Subcutaneous Heparin Prior to Dialysis is NOT Best Practice
No, it is not best practice to administer heparin subcutaneously prior to dialysis—intravenous administration during the dialysis procedure is the standard approach for anticoagulation. 1, 2
Standard Heparin Administration for Dialysis
The FDA-approved dosing for extracorporeal dialysis specifies 25 to 30 units/kg IV bolus followed by an infusion rate of 1,500 to 2,000 units/hour based on pharmacodynamic data. 1 This intravenous approach is administered at the start of dialysis, not subcutaneously beforehand.

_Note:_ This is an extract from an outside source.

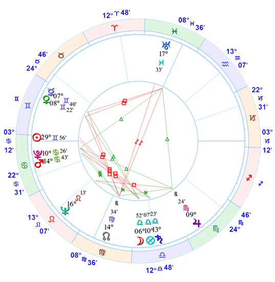 Copyright © All Rights Reserved by Aleksandar Imsiragic INTRODUCTIONAstrology is certainly a divine language, as the symbols it uses are universal and all-pervading, describing every corner of the Universe and events within It. Astrology gives answers to questions we raise and, most importantly, it describes the laws by which all things come into existence. Once you know this language, which is the law, you gradually come to know that you are able to see through the apparent phenomenal forms and reach the underlying intelligence at the basis of everything. Astrology enables you to be in contact with that knowledge and the events which are seemingly invisible. You can literally watch a new, huge Universe unfold in front of you, something of which most people are simply not aware. SYMBOLISM IN THE HOROSCOPE OF AN ASTROLOGERIn the horoscope of an astrologer, astrological symbolism is represented by Uranus (the main indicator of symbols or language through which astrology sees). In the case of my horoscope, Uranus is in the third house (the way of thinking) and in addition it is sextile Neptune in the fifth house. As the fifth house represents love, entertainment and art in general, Neptune positioned here speaks about love (the fifth house) of film (Neptune), and its sextile with Uranus (astrology) in the third house (the way of thinking). This combination reflects the ability to enjoy the translation of events unfolding in film into astrological symbols. The most fascinating thing is that when I use one aspect to describe an event in the film, then all the other events connected with those planets start to fit perfectly in the whole story, as if it was a real life situation and not the creation of the director, completely conceived by a human mind. THE WRITING TABLE: A FILMThe film takes place in the present time. At the beginning of the movie, the leading actor comes across an antiquity shop while walking with his girlfriend. In the shop, he discovers an old writing table from the 19th century. The writing table strongly attracts his attention and he decides to buy it. For some reason, the table is so fascinating to him, he even wakes up in the middle of the night and starts polishing it. While arranging the table, he discovers a secret compartment and several love letters in it, written long ago and not read by anyone until now. He reads them and understands that they were written by a girl to whom the writing table belonged 150 years ago. She was writing them to an imagined lover, giving him her heart, and grieving over a marriage in the near future to a man she does not love, but whom her father thinks to be appropriate for her... At this point I began to create a picture of planetary aspects necessary in the life of a man who came in touch with the writing table containing secret love letters. Of course, it is logical to suppose Venus (love) to be in conjunction with Mercury (letters), especially so in the twelfth house (secrets), but in a sign which could indicate a table. The sign could be Virgo (office table), Libra (flat table or lady's table) but also Gemini, which represent the tables of all kinds. In this particular case, Gemini would strongly emphasize letters and communication. I still can't decide between conjunction of Venus and Mercury in Virgo or Gemini... The next scene solves the dilemma: Scott (the name of the young man in the movie) visits his mother the next day and tells her what he had found in the table. He does not tell it to his girlfriend, but only to his mother. Interesting! His mother is youthful and cheerful. She is learning foreign languages. From their conversation we find out her origin is Italian... She tells him, by the way, that instead of having a big wedding, he could spend the money for a trip around the world with his fiancée Deborah. "But I do not want to travel around the world", he says. This sentence removes the last doubt: he is certainly a Cancer Ascendant, as this statement shows typical Cancerian need for home and lack of desire to travel (Cancer - home, house, family...). His confession to his mother (Cancer) only strengthens this concept. This confirms my hypothesis that his twelfth house is Gemini, with Venus (love) and Mercury (letters) in conjunction. "Of course", I conclude, "Mercury and Venus in the 12th house are secret, hidden letters, which are in the table (Gemini), and furthermore in the compartment of the table (Gemini additionally represents compartments). The letters had been left there long ago, from an age that has passed (Gemini should be intercepted: that is, the cusp of the twelfth house should begin in Taurus, so that no house begins in Gemini). That means the Ascendant should be in the beginning of Cancer so that Gemini could be intercepted at the latitude where he was born (Boston, Massachusetts because the action of the movie is unfolding there). "In that case", I calculate quickly in my mind, "the fourth house should begin somewhere in Virgo, which would also represent his mother, and the ruler of that house would be Mercury, which we already know is placed in the twelfth in conjunction with the Venus. Yes, of course. His mother is of an Italian origin (the ruler of the fourth house, representing the mother, is Mercury, positioned in Gemini (and the larger part of Italy is ruled by Gemini). Mercury (that is, the ruler of mother in this case) is conjunct Venus (he tells her about the love letters), and she herself likes traveling (Mercury in Gemini with Venus). This is why she suggests an idea to him about how to organize his wedding traveling (Mercury conjunct Venus).""No doubt - that is it!" I infer with certainty now, with the feeling every painter has when he makes his first steady strokes of the picture. TIMELESS COMMUNICATION:"Why don't you try to answer her letters", said the mother in a cheerful voice. "I think it would be great, if it worked out!" Only a mother represented by such a merry combination of pl

Why IV Administration is Superior
- Immediate anticoagulation is required at the moment blood enters the extracorporeal circuit to prevent clotting in the dialyzer and tubing. 2
- Subcutaneous heparin has delayed and unpredictable absorption, making it unsuitable for the acute anticoagulation needs of dialysis. 3
- Research demonstrates that subcutaneous heparin 5,000 units given 1 hour before dialysis was either unable to sustain dialysis due to excess fibrin formation or allowed elevated markers of coagulation activation (fibrinopeptide A and beta-thromboglobulin). 3
- Even 10,000 units subcutaneously could only sustain dialysis in 3 of 5 patients for 5 hours, with progressively increasing coagulation markers and fibrin formation in the extracorporeal circuit. 3
Evidence-Based Heparin Protocols for Dialysis
Standard Protocol (Most Patients)
- Administer 5,000 units IV bolus a few minutes before connecting the patient to the circuit to ensure adequate mixing with blood. 2
- Follow with continuous infusion of 1,500 units/hour throughout dialysis. 1, 3
- This regimen maintains plasma heparin levels ≥0.5 IU/mL, which completely suppresses fibrinopeptide A generation and prevents visible fibrin formation in the extracorporeal circulation. 3
- Stop the heparin infusion 30-60 minutes before the end of dialysis based on time needed for needle puncture sites to stop bleeding. 2
High Bleeding Risk Patients
For patients with active bleeding, recent surgery, or coagulopathy, three approaches exist:
- Low-dose heparin protocol: 2,500 units IV bolus plus 1,000 units/hour infusion, though this may allow some coagulation activation after 4-5 hours. 3
- Tight heparin control: Use thrombin clotting time to assess heparin sensitivity before dialysis and monitor levels during dialysis, which limited bleeding complications to 5% overall in high-risk patients. 4
- Heparin-free dialysis: Can be performed successfully with frequent saline flushes (every 15-30 minutes), though complete clotting occurs in approximately 5% of cases with average blood loss of 150 mL. 5
Low-dose systemic heparin is superior to regional heparinization in high-risk patients, with bleeding complications occurring in 10% versus 19% of dialyses respectively. 6
Critical Pitfalls to Avoid
- Never rely on subcutaneous heparin alone for dialysis anticoagulation, as it provides inadequate and delayed anticoagulation. 3
- Do not administer the IV bolus simultaneously with circuit connection—give it a few minutes beforehand to ensure thorough mixing with blood before extracorporeal circulation begins. 2
- Avoid using activated clotting time (ACT) alone for monitoring, as visual inspection of the dialyzer and clinical assessment of bleeding risk are equally important for routine outpatient hemodialysis. 2
- Do not continue heparin infusion until the end of dialysis in patients without high thrombotic risk, as this increases bleeding at needle sites. 2
Special Considerations
For patients requiring bridging anticoagulation around other procedures, subcutaneous heparin or low-molecular-weight heparin may be used between dialysis sessions, but this is distinct from intradialytic anticoagulation. 7 During the actual dialysis procedure itself, intravenous administration remains essential for adequate circuit anticoagulation.